Как будто не к этому стремилась в конечном счете и страсть Мут-эм-энет, прекрасной Мутэмане! Мысль, что ее ноги, дрожавшие и не стоявшие на месте, когда она была с Иосифом, могут покойно прижаться к его ногам, – именно это представление глубоко потрясло и даже воодушевило ее, и то, что Ме-эн-Уазехт облекла его в слова так непосредственно, не зная и малой доли сомнений Мут, это способствовало внутреннему смягчению Эни, признаком которого были уже ее откровенные беседы с обеими женщинами, и она стала теперь выказывать свою слабость юному управляющему в речах и поступках.
Что касается поступков, то это были иносказательные действия ребяческого и, в сущности, трогательного характера, знаки внимания госпожи к рабу, сложную символику которых ему было не так-то легко увидеть в правильном свете. Однажды, например, – а после этого первого раза и часто – она вела с ним хозяйственную беседу в богатой азиатской одежде, с великим старанием сшитой рабыней-портнихой Хети из ткани, купленной в лавке какого-то бородатого сирийца в городе живых. Этот наряд отличался чуждой египетскому платью пестротой, он представлял собой два вышитых, переплетающихся шерстяных полотнища, красное и синее, и, украшенный, кроме вышивки, цветной оторочкой по всем краям, казался очень пышным и диковинным. Плечи были покрыты подлинно азиатскими замычками, а поверх головной повязки, тоже пестрой и вышитой, именовавшейся на родине этой моды санип, на Эни было обязательное прозрачное покрывало, ниспадавшее к бедрам и ниже. Так одетая, она глядела навстречу Иосифу расширенными не только свинцовым блеском, но и лукавой робостью ожиданья глазами.
– Какой у тебя странный и ослепительный вид, высокая госпожа, – сказал он со смущенной улыбкой, ибо не знал, как истолковать это новшество.
– Странный? – спросила она, тоже с улыбкой, улыбкой натянутой, нежной и растерянной. – По-моему, мой вид должен показаться тебе скорее знакомым, ибо в этом платье, – если ты имеешь в виду мой наряд, который я сегодня разнообразия ради надела, – я, наверно, похожа на дочерей твоей страны.

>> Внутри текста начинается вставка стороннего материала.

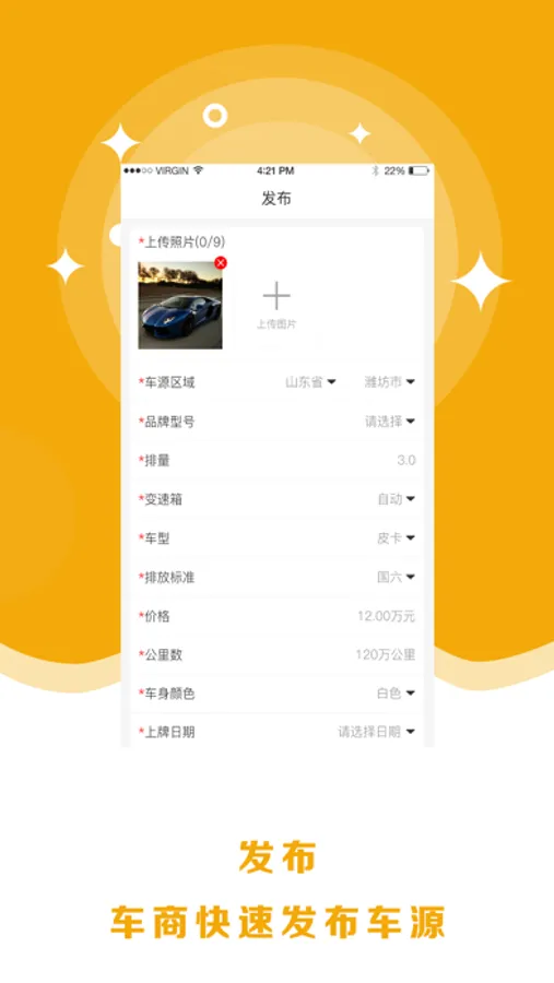 8亿二手车为买卖车辆双方提供车辆登记、求购信息发布、行业趋势信息分享等服务,同时整合二手车交易市场、经纪公司等行业资源,为商家和个人提供准确、及时的交易信息服务。8亿二手车坚持“诚信、公平、专业”的经营原则,管理制度健全,服务功能 完善,可高效便捷办理二手车评估、购销、过户、迁档、置换、银行、按揭等业务真正实现了为有车一族、购车一族和汽车爱好者提供一站式服务。8亿二手车APP由武汉捌亿汽车服务有限公司网络部团队精心打造,整合了8亿二手车网站的优势功能与移动端的特点,拉近买卖双方的距离,为买家提供真实可靠有保障的车源,为卖家提供准确及时的收车渠道及车辆管理,是促成二手车交易的实用工具。

– Да, мне знакомы, – ответил он с опущенными глазами, – и платье, и покрой платья, но мне немного странно видеть его на тебе.
– Не находишь ли ты, что оно мне идет и красит меня? – спросила она с нерешительным вызовом.
– Еще не соткано, – сдержанно отвечал он, – такое сукно, еще не скроено такое платье, которое, будь это даже волосяной мешок, не служило бы твоей красоте, моя повелительница.
– Ну, если безразлично, что́ я ношу, – возразила она, – то, значит, я напрасно старалась. Я надела это платье в честь твоего прихода и чтобы достойно ответить тебе. Ведь ты, юноша из Ретену, носишь у нас египетскую одежду, подчиняясь нашему обычаю. Вот я и решила не отставать от тебя и встретить тебя в одежде твоих матерей. Так мы обменялись платьем, обменялись по-праздничному. Ведь есть в этом какая-то исконная праздничность, когда мужчины надевают женскую, а женщины мужскую одежду и разница между ними вдруг исчезает.
– Позволь мне заметить, – ответил он, – что этот обычай и этот обряд не кажется мне таким уж родным и близким. В нем есть какая-то исступленность, какое-то неблагочестие, а это отнюдь не обрадовало бы моих отцов.
– Значит, я ошиблась, – сказала она. – Что нового в доме?
Она была глубоко обижена тем, что он, казалось, не понял (а он, кстати, понял), какую жертву принесла ему и своему чувству она, дочь Амуна, наложница этого могущественного бога и поборница его суровости, когда снизошла до такого поклонения чужеземщине, только потому, что ее любимый был чужеземцем. Ей была сладостна эта жертва, ей казалось блаженством отрешиться ради него от своих политических взглядов; и она была тогда очень несчастна, оттого что он принял это так равнодушно. В другой раз она оказалась счастливее, хотя новый иносказательный ее поступок свидетельствовал даже об еще большем самоотречении.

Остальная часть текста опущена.